PRIORITY 2: Port x86-64 Assembly Tests to libbreenix [+12 tests]

Status: NOT STARTED Effort: Medium (rewrite tests to use libbreenix syscall wrappers) Tests Unblocked: 12

These tests are excluded from ARM64 because they use x86-64 inline assembly (int 0x80, register manipulation). They need to be rewritten to use libbreenix syscall wrappers.

Test Current Issue Porting Approach
pipe_test Uses int 0x80 for syscalls Use libbreenix::io::pipe()
pipe_refcount_test Uses int 0x80 Use libbreenix::io::pipe()
poll_test Uses int 0x80 Use libbreenix::io::poll()
select_test Uses int 0x80 Use libbreenix::io::select()
brk_test Uses int 0x80 Use libbreenix::memory::brk()
stdin_test Uses int 0x80 Use libbreenix::io::read()
timer_test Uses int 0x80 Use libbreenix::time
register_init_test x86-64 register checks Rewrite for ARM64 regs (x0-x30)
syscall_diagnostic_test Uses int 0x80 Use libbreenix syscalls
syscall_enosys Uses int 0x80 Use libbreenix syscalls
signal_regs_test Uses r12-r15 (x86-64) Rewrite for x19-x28 (ARM64)
sigaltstack_test Uses RSP access Rewrite for SP access (ARM64)

PRIORITY 3: Fix Signal Delivery [+5 tests]

Status: NOT STARTED Effort: Medium (kernel debugging) Tests Unblocked: 5 (of the 30 currently failing)

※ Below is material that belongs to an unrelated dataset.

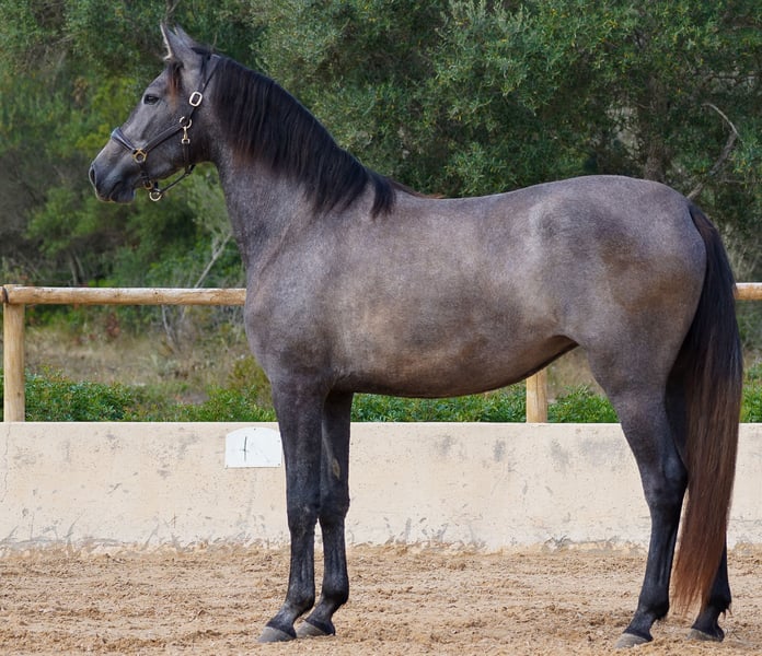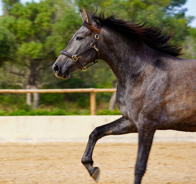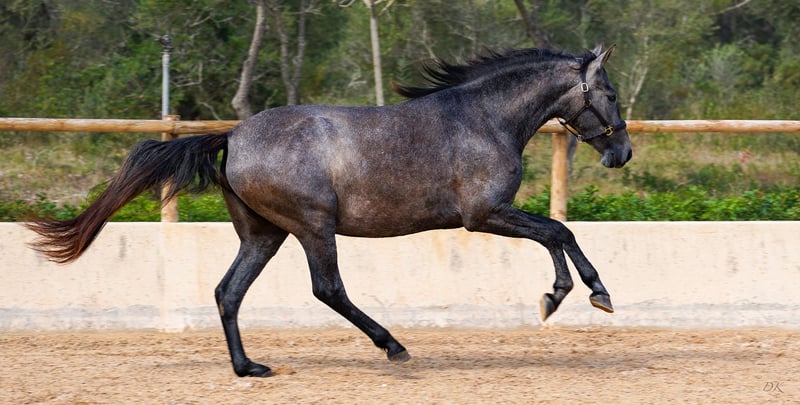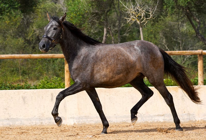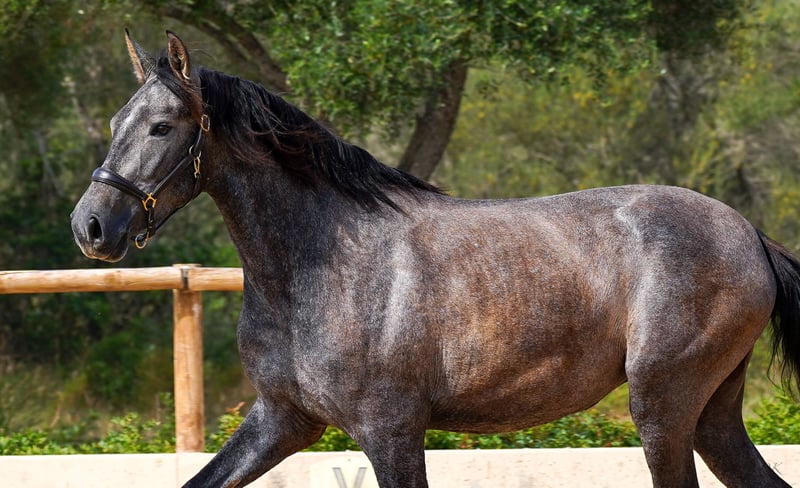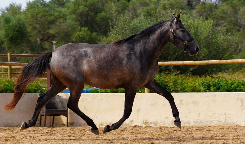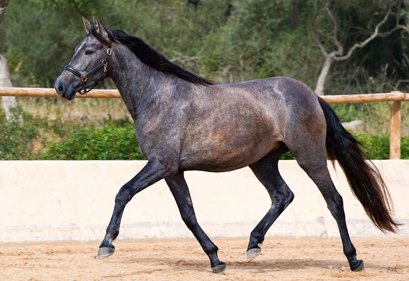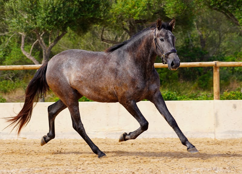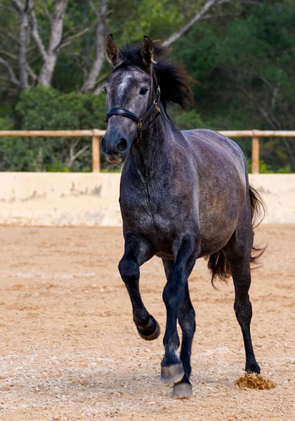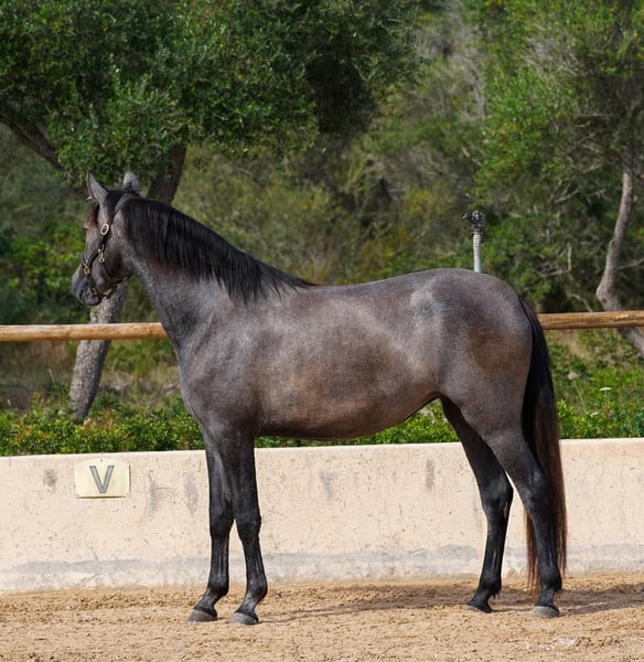 Bienvenue dés Ravella We are delighted to introduce you to our enchanting Bienvenue. Born on May 11, 2020 at our stud farm Es Ravella des Cavalls in the picturesque east of Mallorca, she is the proud result of the connection with the great dressage stallion Poeta de Susaeta by Yeguada Susaeta. Bienvenue grew up lovingly in a small herd and has developed into a true beauty. A little shy at first, she quickly gains confidence when given security and affection. She is curious and wants to get to know her people. Bienvenue has now been ridden and impresses with her willingness to work, her ease of riding and her breathtaking gaits. She is gentle and shows her best side both when being ridden and lunged. A real gem that also promises great potential for breeding. Blessed with unbeatable genes, Bienvenue combines outstanding pedigree lines. Poeta de Susaeta, Cacique IX and Ermitaño II x Oficial XXIX can be found on the sire's side, while Mañoso II, Orfebre and the stallion Judio VII are represented on the dam's side. (Yeguada Ferrero x Yeguada Vilaire) Her eyes have always fascinated us - Bienvenue is a mare of sincere honesty! She offers a comfortable seat and strives to please her people. Whether alone or in company, she loves to go off-road and enjoys exploring new trails. With a current height of 1.60m and still some potential for growth, we estimate that Bienvenue will probably reach a final height of around 1.63/1.64m. Bienvenue is a wonderful girl who will undoubtedly bring a lot of joy to her future owner. Please contact us for more information about this unique horse! We look forward to hearing from you and telling you more about Bienvenue. We will be happy to help you with transportation. Contact us, we also do live calls so you can experience the horses in all their glory. welcome@es-ravella.com +491733630077 +34634314244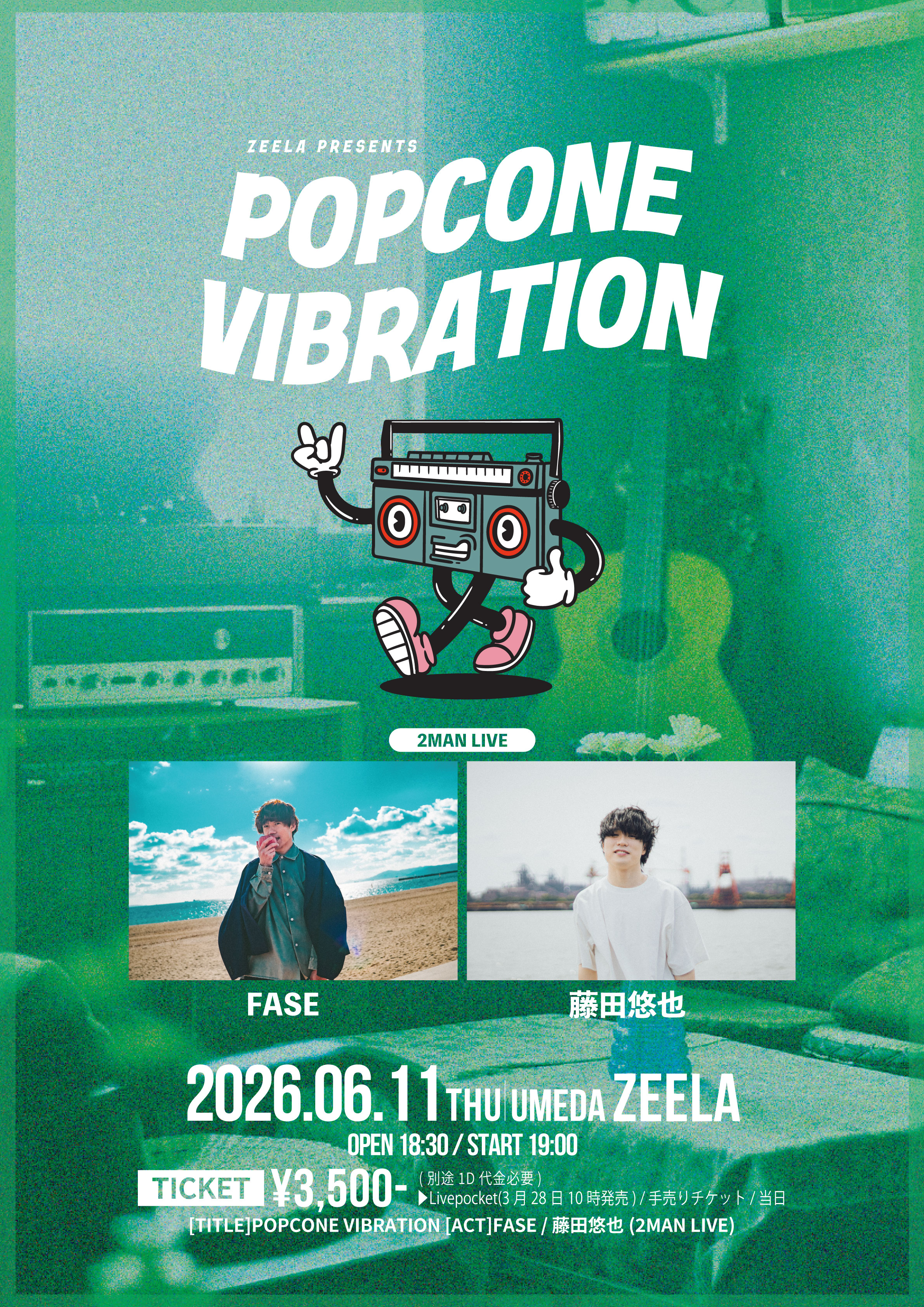 梅田 Zeela(ジーラ) スケジュール 2026.6.11(Thu) Zeela presents.POPCONE VIBRATION [ACT] FASE / 藤田悠也 [OPEN/START] 18:30/19:00 [料金] ADV/DOOR ¥3500/¥--- https://livepocket.jp/e/0_-oy (問)梅田Zeela 06-6316-1199 http://osaka-zeela.jp

Signal delivery via kill() is not working on ARM64. SIGCHLD works (sigchld_test passes), so some signal paths are functional.

Debugging approach:

  1. Trace kill() syscall on ARM64
  2. Compare with x86-64 signal delivery path
  3. Fix the delivery mechanism

Tests that will pass once fixed:

Test What it tests
signal_test kill(pid, SIGTERM) to child
ctrl_c_test kill(pid, SIGINT) to child
alarm_test SIGALRM after timer expires
itimer_test setitimer/getitimer + SIGALRM
kill_process_group_test kill(0, sig), kill(-pgid, sig)

PRIORITY 4: Remaining Userspace Test Failures [~25 tests]

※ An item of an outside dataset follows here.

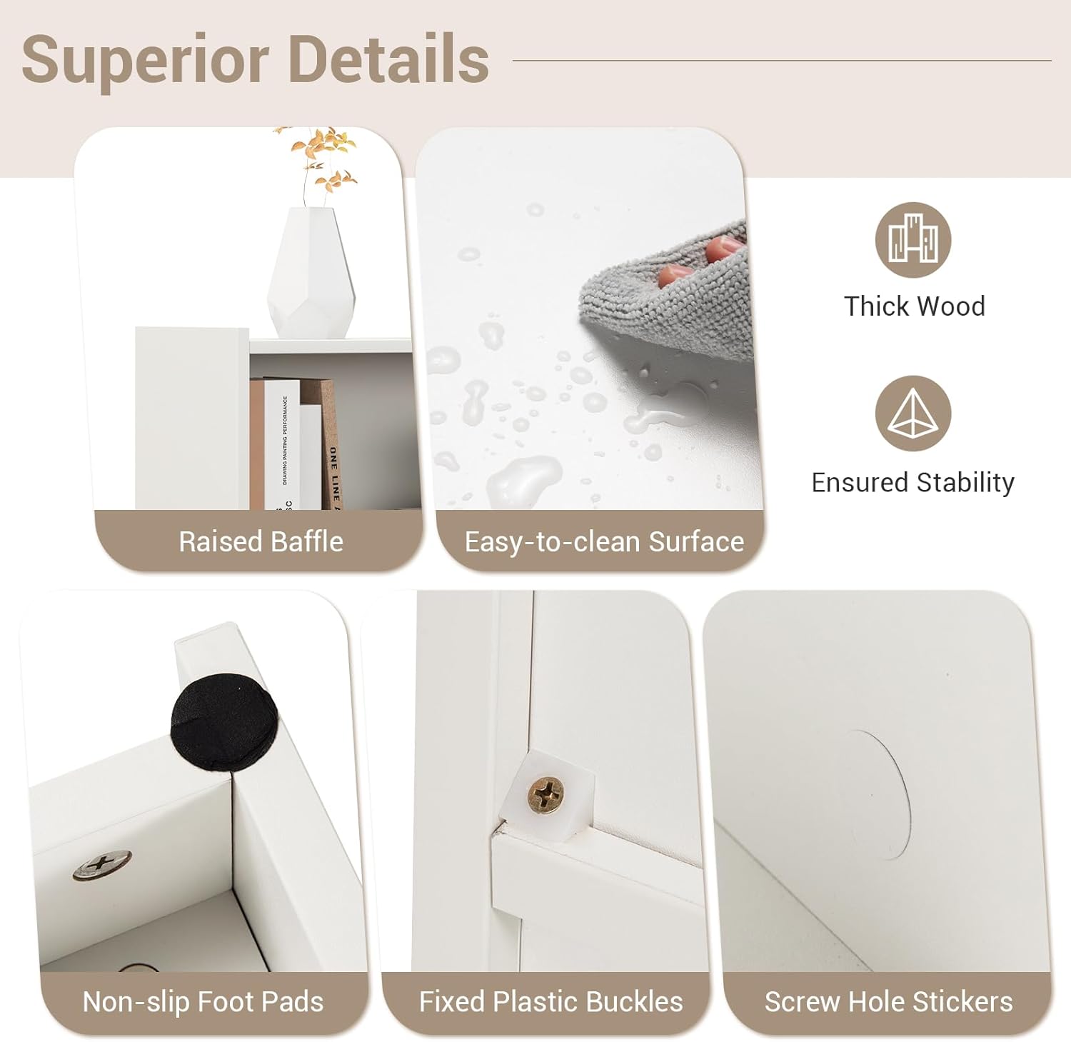 - Thoughtful Detail Design: The bookcase has non-slip feet on the bottom to protect the floor from scratches, and the base is 4 inches high thus blocking stains from the floor. In addition, the edges and corners of the horizontal cabinet are rounded to protect you and your family.

Status: INVESTIGATION NEEDED Effort: Variable Tests Unblocked: ~25

After P1-P3, approximately 25 tests may still be failing. These need individual investigation:

Category Est. Count Notes
Filesystem write bugs ~6 May already be fixed by readonly fix
Process/fork edge cases ~5 Need investigation
Network edge cases ~4 May need virtio-net driver fixes
TTY/PTY issues ~3 Need investigation
Other ~7 Need investigation

PRIORITY 5: Kernel Test Framework on ARM64 [+91 tests potentially]

Status: NOT STARTED Effort: Medium-High Tests Unblocked: Up to 91 (if not already running)

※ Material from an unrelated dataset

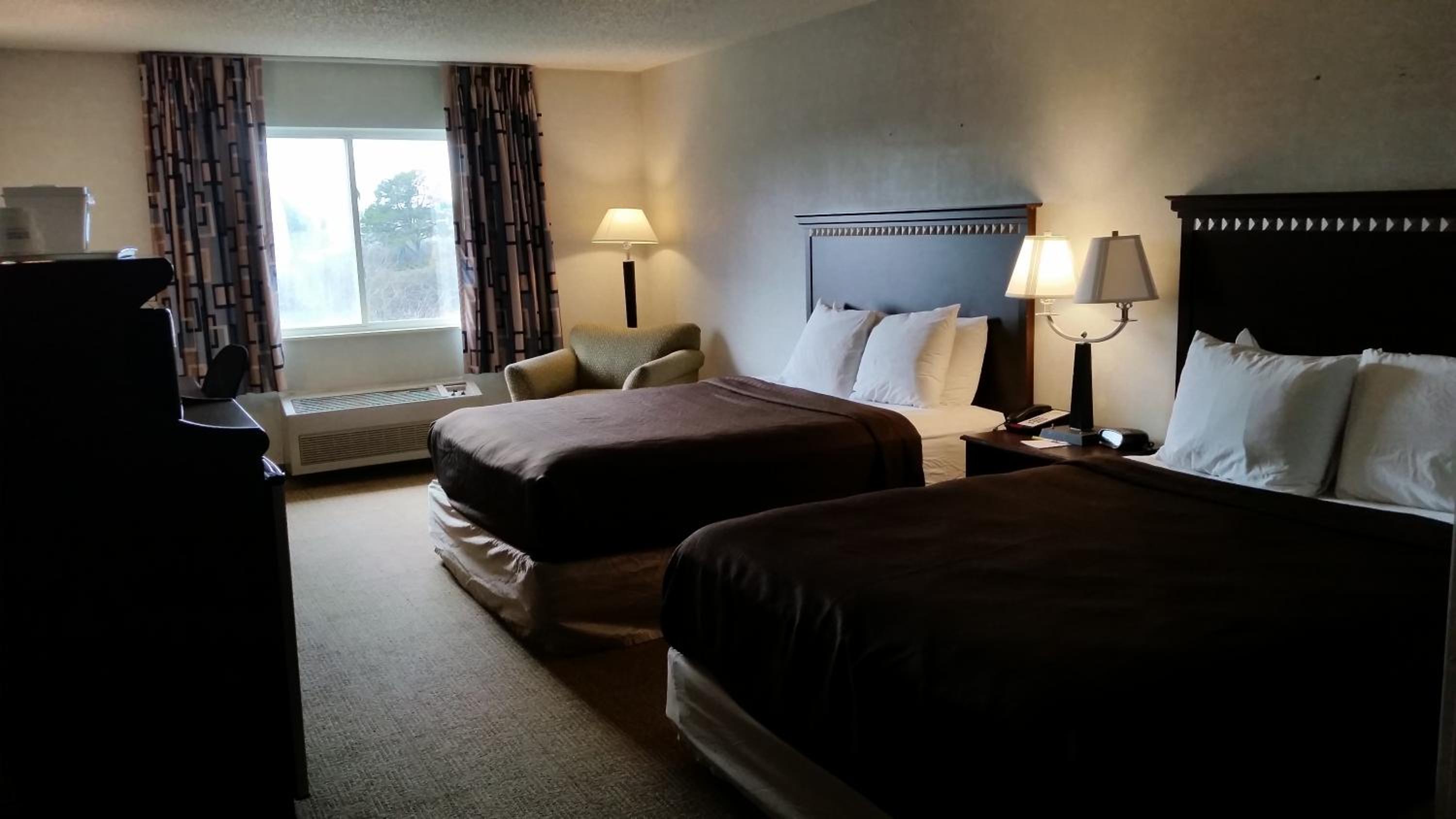 Hotel needs to be fully renovated. Wall paper peeling off the walls. Carpet missing. Trim pulling off the walls. Mold in the hallway and bathroom. Pool was being repaired but no notes on the website or at the front desk. I found out by asking what the pool hours where and then told after checking in that it was out of service. The pool was the sole reason we booked here. The toilet in room 201 was broke. The flapper in the tank doesnt close all the way so the toilet ran all night. We had to get 2 room bc of how many kids we have and we had the oldest 2 stay in that room. They didn't know that was a problem and didnt tell us until we went to check out. Their dad lifted the tank lid and fixed it. But it will only happen again once the toilet is flushed. The telephone in that room also doesn't work properly. We picked it up to call the front desk and there was no dial tone or any noise at all. When I walked down to the front desk she said she could use us. Which is weird bc I couldn't hear her. Room 231 does not have a smoke alarm nor does it have the plaque of the room number. We will not be back. Wish we would have stayed across the st at the best western. I took more pictures but i can only add 4 of them.

Verify the kernel test framework runs on ARM64 boot and all arch-agnostic tests pass.

What's needed:

  1. Verify test framework initializes on ARM64
  2. Identify which tests are x86-64 only vs arch-agnostic
  3. Run and fix arch-agnostic tests
  4. Port x86-64-specific tests where valuable

Test Gap Summary

Priority Work Item Tests Unblocked Effort Cumulative
P1 Port Rust integration tests +70 High 70
P2 Port x86-64 asm tests +12 Medium 82
P3 Fix signal delivery +5 Medium 87
P4 Fix remaining failures +25 Variable 112
P5 Kernel test framework +91 Medium-High 203

Total potential improvement: From current 50 passing to 203+ tests


Key Design Decisions

KD-1: Skip Parallel Boot Testing for ARM64

Decision: Do NOT create run-aarch64-boot-parallel.sh

Rationale:

  • ARM64 boots natively on Apple Silicon - extremely fast compared to x86-64 in Docker/QEMU
  • Primary benefit of parallel boot testing on x86-64 is CI throughput - not needed for ARM64
  • Race condition stress testing is better addressed by kthread parallel tests
  • Engineering effort better spent on actual bug fixes (exec return path)

Date: 2026-02-01


KD-2: Kthread Parallel Testing is Valuable

Decision: Create run-aarch64-kthread-parallel.sh

Rationale:

  • Tests threading subsystem under load (scheduler, context switching, locks)
  • Architecture-specific behavior that needs validation
  • Stress testing kthreads has caught real bugs on x86-64

Date: 2026-02-01


Project Plan

Priority -1: Project Planning [COMPLETE]

  • Analyze ARM64 vs x86-64 feature delta
  • Document key design decisions
  • Create prioritized action plan
  • Establish tracking in arm64-parity.md

Priority 0: Fix exec() Spinlock Deadlock [CRITICAL PATH] ✅ COMPLETE

Status: FIXED (2026-02-01)

Problem: 35 tests hung after calling exec(). The child process was created but never executed userspace code.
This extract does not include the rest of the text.